Despite a fairly broad implementation and application of real-time PCR, there still exists a vacuum in determining the correct procedures for the examination of quantitative real-time PCR; more explicitly, there is a need to determine appropriate procedures to attain the right kind of statistical treatment. In today’s various methods of data analysis, the key statistical inferences are not as exclusive as required like confidence interval. This paper presents and tends to relate four statistical models and approaches on the basis of standard curve method and methods for data analysis.
The first approach developed a multiple regression analysis model for the determination of ∆∆Ct directly from the approximation of interface of gene and treatment paraphernalia. The second approach used the analysis of covariance i.e. ANCOVA model where the derivation of ∆∆Ct could be made through the sequential evaluation and analysis of effects of concurrent variables. The remainder of the models chiefly involves the calculation of ∆Ct subsequently connected through the non-parametric comparable Wilcoxon test and a two group T-test. Moreover, a data quality control model was established, which was then applied through the SAS programs determined for all of the aforementioned approaches; analyzed data output was also presented for a sample set.
The SAS programs were used to put forward practical statistical solutions for real-time PCR data while the programs were also utilized to analyze a sample dataset. After a comprehensive analysis conducted through the approaches and models mentioned above, similar results were obtained.
Inhaltsverzeichnis (Table of Contents)
- A- Introduction:
- i) Overview of the Project:
- ii) Guidance from research articles:
- iii) Purpose of the project:
- iv) Significance of study:
- B- Method:
Zielsetzung und Themenschwerpunkte (Objectives and Key Themes)

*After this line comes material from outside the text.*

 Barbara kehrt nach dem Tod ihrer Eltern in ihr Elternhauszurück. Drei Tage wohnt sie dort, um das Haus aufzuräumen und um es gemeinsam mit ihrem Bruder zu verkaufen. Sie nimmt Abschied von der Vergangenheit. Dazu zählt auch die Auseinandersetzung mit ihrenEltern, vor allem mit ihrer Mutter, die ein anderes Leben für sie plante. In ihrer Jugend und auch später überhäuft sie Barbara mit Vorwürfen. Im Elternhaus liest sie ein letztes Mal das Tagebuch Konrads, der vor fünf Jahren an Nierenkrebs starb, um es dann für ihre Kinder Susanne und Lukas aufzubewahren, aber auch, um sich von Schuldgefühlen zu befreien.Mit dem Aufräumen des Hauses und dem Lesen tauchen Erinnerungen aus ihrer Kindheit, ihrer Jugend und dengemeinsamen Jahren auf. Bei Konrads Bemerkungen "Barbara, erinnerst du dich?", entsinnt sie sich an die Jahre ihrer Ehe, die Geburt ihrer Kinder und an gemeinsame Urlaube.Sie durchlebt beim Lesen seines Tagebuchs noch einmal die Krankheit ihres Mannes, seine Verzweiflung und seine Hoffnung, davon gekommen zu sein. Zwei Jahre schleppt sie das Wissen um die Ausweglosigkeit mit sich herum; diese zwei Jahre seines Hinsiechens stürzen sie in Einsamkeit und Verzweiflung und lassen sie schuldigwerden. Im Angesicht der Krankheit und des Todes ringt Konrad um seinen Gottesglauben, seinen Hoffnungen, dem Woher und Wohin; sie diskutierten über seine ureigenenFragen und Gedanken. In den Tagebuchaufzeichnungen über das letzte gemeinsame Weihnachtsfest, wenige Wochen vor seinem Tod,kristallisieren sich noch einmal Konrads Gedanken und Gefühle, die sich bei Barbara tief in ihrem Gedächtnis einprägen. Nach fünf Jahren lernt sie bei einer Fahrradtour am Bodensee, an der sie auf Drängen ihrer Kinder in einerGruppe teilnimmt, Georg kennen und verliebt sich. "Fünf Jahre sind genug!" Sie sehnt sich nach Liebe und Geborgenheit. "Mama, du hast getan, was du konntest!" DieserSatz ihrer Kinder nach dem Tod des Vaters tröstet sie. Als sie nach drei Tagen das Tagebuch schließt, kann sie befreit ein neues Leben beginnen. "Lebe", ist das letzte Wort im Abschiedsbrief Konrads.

This paper aims to analyze and compare four statistical models for analyzing quantitative real-time PCR data, specifically focusing on the determination of appropriate procedures for data analysis and statistical treatment.
- Statistical models for real-time PCR data analysis
- Data quality control in real-time PCR
- The reliability and validity of real-time PCR data in biomedical sciences
- The significance of real-time PCR in biomedical research
- The role of the Polymerase Chain Reaction (PCR) in biomedical history
Zusammenfassung der Kapitel (Chapter Summaries)
The introduction provides a comprehensive overview of real-time PCR, its significance in biomedical sciences, and the need for reliable data analysis methods. It highlights the evolution of real-time PCR from a complex to a widely-used and affordable technique, emphasizing its crucial role in various fields like microbiology and gene expression analysis.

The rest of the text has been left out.